In reviewing the reclassification request, Ms. Klein noted that although the ECR and court
reporter have different equipment, they have the same essential functions. To address some of
inconsistencies, Ms. Klein drafted proposed changes to the two classifications recommending a
change in job title and changes to correct the inconsistencies in wording. For example, some of
the inconsistencies are one has research skills and the other does not, and one might use
considerable knowledge and one might not. The ECR classification has a proposed change under
the “title of immediate supervisor”. The trial court administrators requested the change in
supervisor because there are four employees currently classified as secretaries who record for
referees and, based on their duties, should be classified as an ECR. The proposal also changes
the wording from “district judge” to “referee or district judge” throughout the classification. The
changes do not affect the pay grade in either of the classifications.
Judge McEvers said from her perspective, there seems to be a wide disparity between pay grades
13 and 10.
Justice Kapsner stated although the court reporters and ECRs overlap in some ways, they do not
do the same job. She said the training and quality of the transcripts are considerably different.
She stated transcripts from ECRs contain too many inaudibles, which is something she has not
received from a reporter. She suggested no changes be made to the court reporter classification.
Rod Olson suggested removing “District Judge” from the title of ECR. This would allow those
four secretaries to be classified as ECRs. He said because there is a difference in the
classifications, he believes it is important to leave the word “recorder” in the ECR title and not
call them both “reporters”. The terms are used every day in court, for example, we use a recorder
for a hearing and a reporter for a trial.

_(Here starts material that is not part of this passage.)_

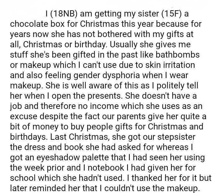 AITA for my sister chocolate for Christmas

Sally Holewa stated to be consistent with other classifications, the title of the immediate
supervisor could be changed to “varies”, and the words “audio tapes” should be changed to
“storage devices”. She said supports Mr. Olson’s suggestion to change the title so it includes
those four secretaries who record for referees.
In response to a question asking why the word “considerable” would be removed from the
knowledge requirements, Ms. Holewa responded the word “considerable” is not a quantifiable
factor on how the classification is scored. The scoring is based more on experience. She stated
“considerable” is a useless adjective and removing it would not affect the scoring. Ms. Klein
stated that change could be addressed at a later date when the Board reviews the classifications as
a whole to address any inconsistencies.
After discussion, it was moved by Rod Olson, seconded by Ross Munns, that the name of the
classification be changed from “Electronic Court Recorder - District Judge” to “Electronic
Court Recorder”; under the title of immediate supervisor, “District Judges” be changed to
“Varies”; change the wording from “district judge” to “referee or district judge”
throughout the classification; and change “audio tapes” to “storage devices”. The motion
carried.
It was moved by Rod Olson, seconded by Kari Landsem, to approve the Electronic Court
Recorder classification as amended and forward it to the Supreme Court for consideration.
The motion carried.
It was moved by Kari Landsem, seconded by Petra Hulm, to send the Annual Leave, Sick
Leave, and Family Medical Leave Act policies out for comment. The motion carried.
The next meeting is scheduled for May 13, 2011. Justice Kapsner indicated she will be absent.